In communications networks there are source signals intended for a specific communications device, and there are source signals intended for other communications devices operating within the same frequency band. There are also sources of noise which produce signals that are not used for communications, but are received by the communications devices as well.
To facilitate decoding of the source signals of interest, signal separation is used to separate the signals received by a communications device. If the signals can be separated without any knowledge about the nature of the signals or the transformations that occur due to interactions between the signals and the communication channel, then this is known as blind signal separation In practical implementations, any knowledge that is available is often exploited In this case, the signal separation is semi-blind or non-blind. When the processing is non-blind, signal extraction techniques are often used instead of separation The difference being that more of the interferers are treated as noise than in the separation procedures
In blind signal separation techniques, the received signals are often compactly represented by matrix equations of the form:x=As+n  Equation 1where x is the received signal vector, A is the mixing matrix, s is the received vector composed of desired and undesired signals which are separable by signal processing, and n is an aggregate noise vector composed of random noise sources and any actual signal not included in the s vector
The mixing matrix A and signals remain combined in the received signal vector s such thaty=W(As)+Wn=Wx  Equation 2where W is the separation matrix, and y is a vector that is a subset of s in an unknown order with scaling changes.

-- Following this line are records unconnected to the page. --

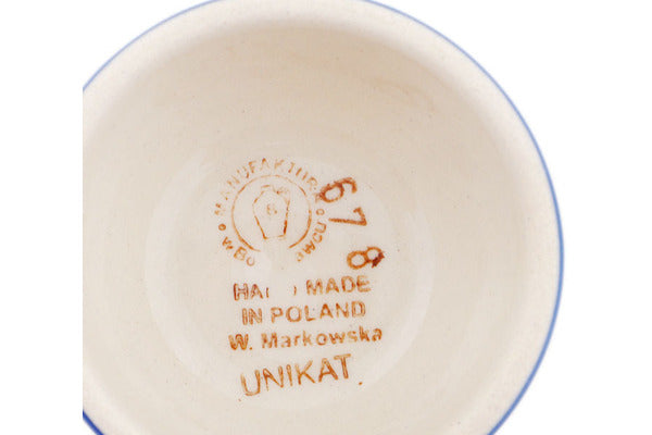 This is a Polish pottery Unikat (Signature) Cappuccino Glass, which means that it has been hand painted with both sponges and brushes and it is signed by the artist who painted it. Unikat pieces are the most intricate works of art. Larger Unikat items take hours of very careful work to finish.
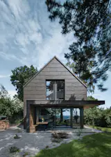 The exterior combines recycled brick, radial sawn timber, and galvanized roof sheeting. "Materials were selected to meet the clients’ brief that the house fit within the cognitive idea of an old shed," explain the architects.
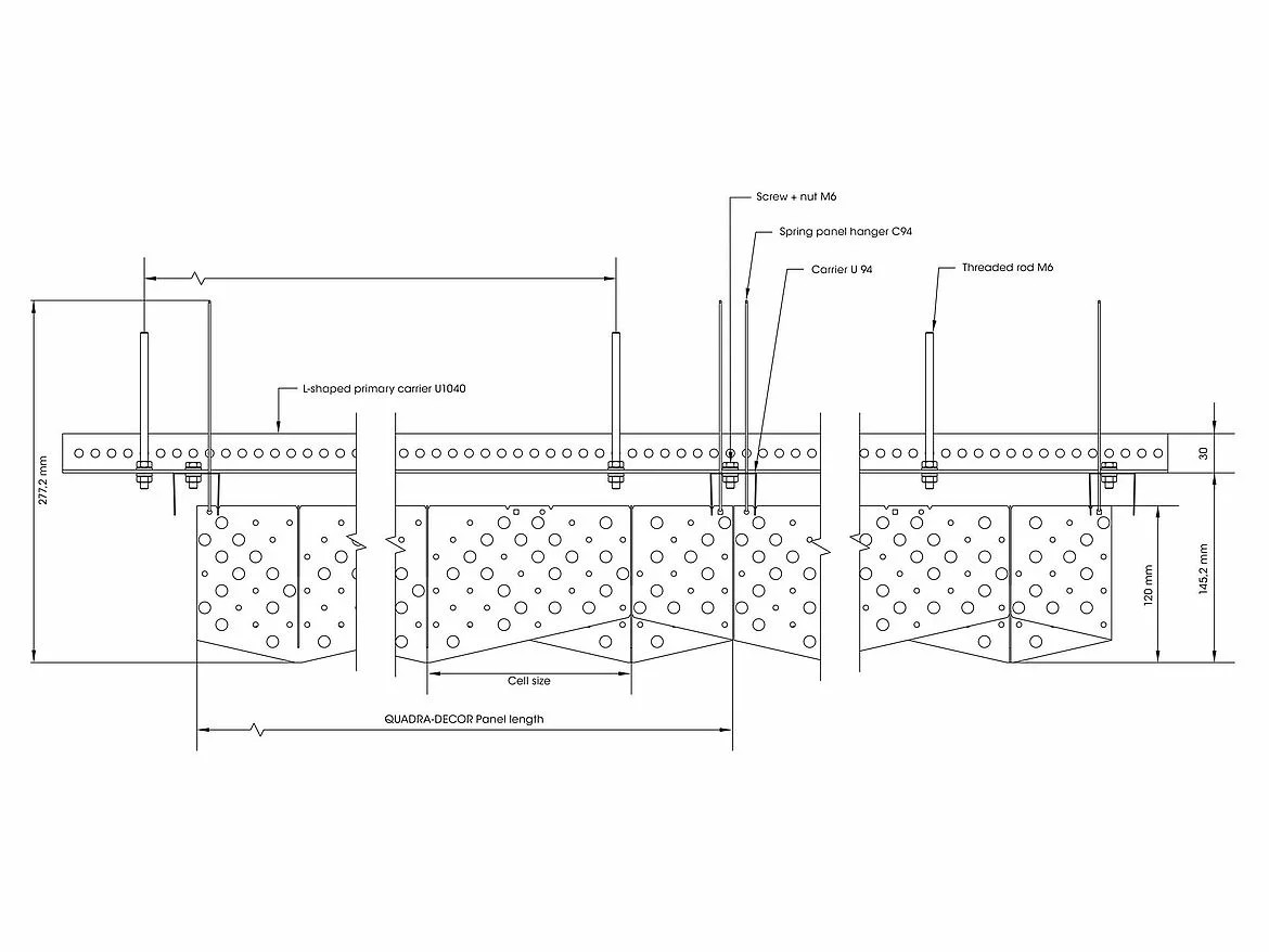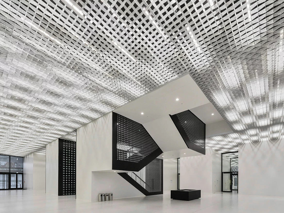 Dizajnový strop QUADRA-DECOR tvoria vlnité lamely usporiadané v posunutom rastri, ktoré dodávajú priestoru ľahkosť a výrazný charakter. Nepravidelné a veľkorysé perforácie napomáhajú rozptylu svetla a prispievajú k vytvoreniu živého stropného vzoru. Tento multidirekcionálny systém je ideálnou voľbou pre moderné a vizuálne dynamické interiéry, kde je cieľom kombinácia designu a funkčnosti.
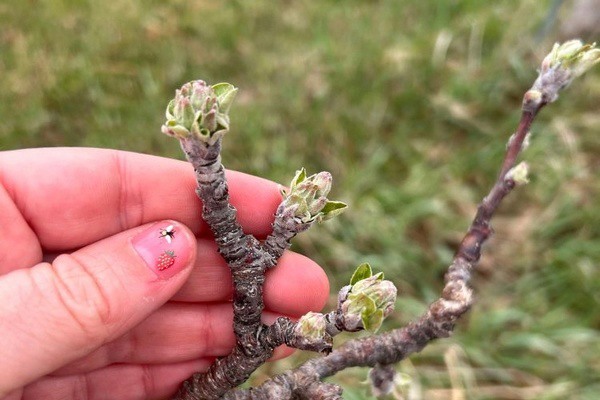 Tree fruit development is progressing steadily. In central Berrien County, apricots have reached the first white stage. Peach and nectarine buds are swollen, and the recent mild weather has increased the risk of peach leaf curl, a disease that thrives under wet conditions and temperatures between 46 and 55°F. Treatments at this stage can help prevent additional infections, and low copper applications may also assist in managing bacterial spot populations. Tart cherries are at the side green to early green tip stage in central Berrien County. Copper sprays can still be applied safely to help reduce bacterial canker in cherries.
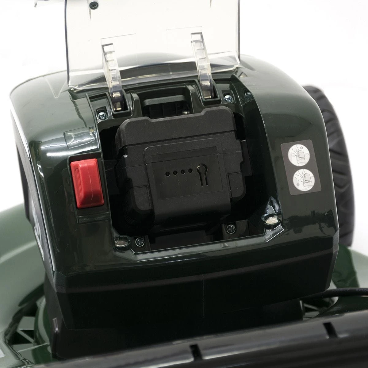 This battery powered rotary lawn mower is an easy to use, convenient and effective machine. The 40v lithium-ion battery offers up to 35 mins cordfree use on one charge and the roomy 60 litre grass collector keeps post cut clean up to a minimum.
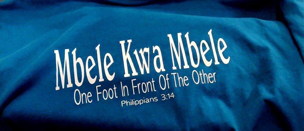 Sharing the story with my friend, Laci, she told me she learned the phrase ‘one foot in front of the other’ in Swahili while on a mission trip to Africa. We agreed it should be a slogan on a shirt. A few days later, I found a t-shirt on my desk printed with that phrase in Swahili (Mbele Kwa Mbele) and English along with the verse Philippians 3:14:
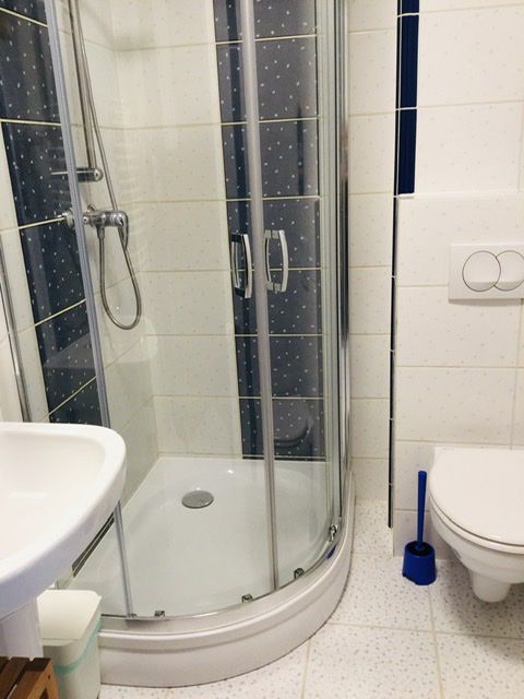 Łazienka z kabiną prysznicową.
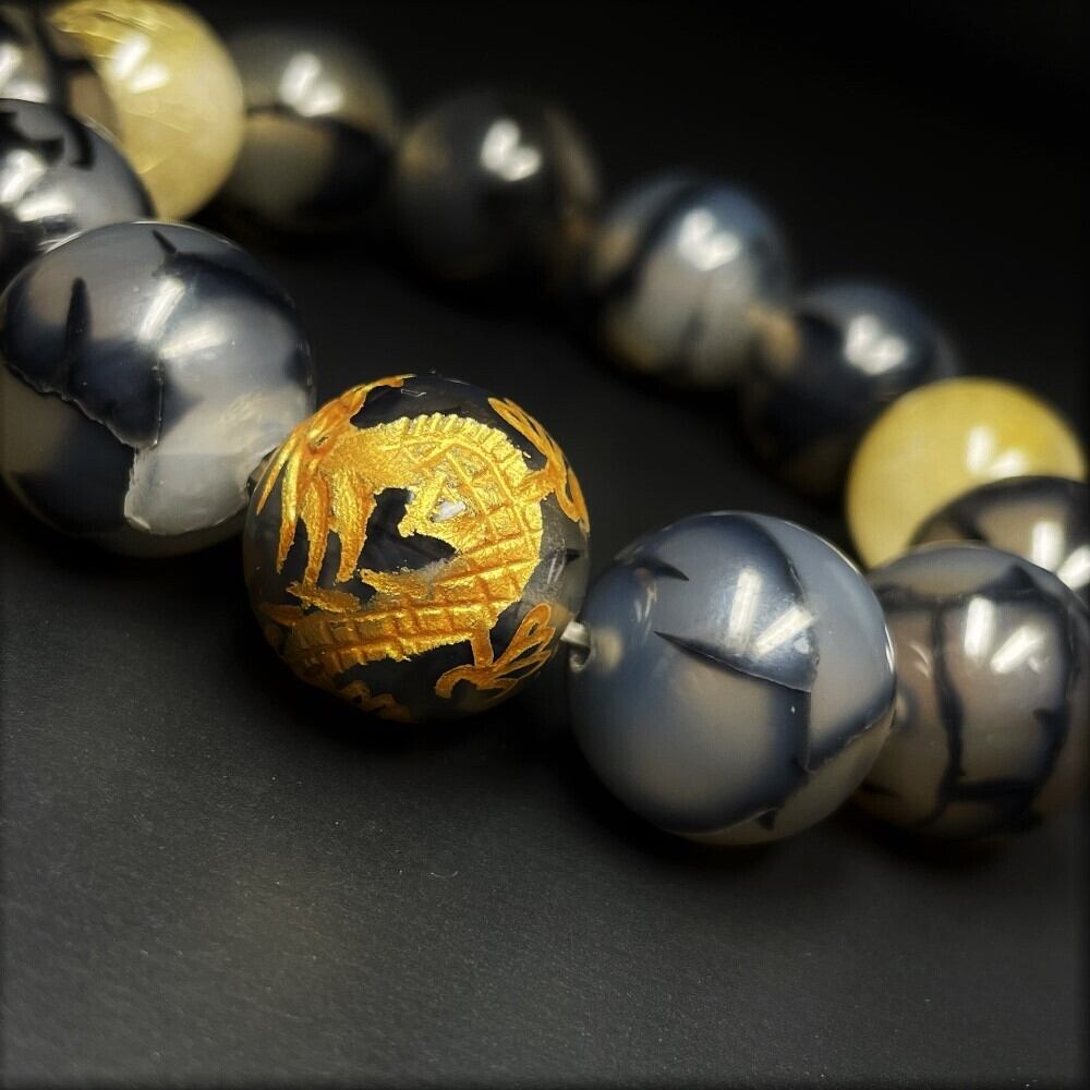 ・金彫皇帝龍ドラゴンアゲート 16ミリ

If all the signals are not separable, then the noise term n includes the residual signal due to the unidentifiable sources.
In semi-blind or non-blind signal separation techniques, A is referred to as the channel matrix, and the signal vector s may be solved by determining the inverse channel matrix:s′=A−1x=A−1(As)+A−1n=s+A−1n  Equation 3s′ is therefore the signal vector of interest plus noise multiplied by the inverse channel matrix. Traditional techniques may be used to find the inverse of the channel.
For purposes of discussion, the channel matrix and the mixing matrix will be generally referred to herein simply as the matrix. Regardless of whether the matrix is a mixing matrix for blind signal separation or a channel matrix for non-blind/semi-blind signal separation, the rank of the matrix determines how many signals can actually be separated. For example, a matrix having a rank of 4 means that 4 source signals can be separated. Ideally, the rank of the matrix should at least be equal to the number of signal sources. The larger the rank, the more signals that can be separated.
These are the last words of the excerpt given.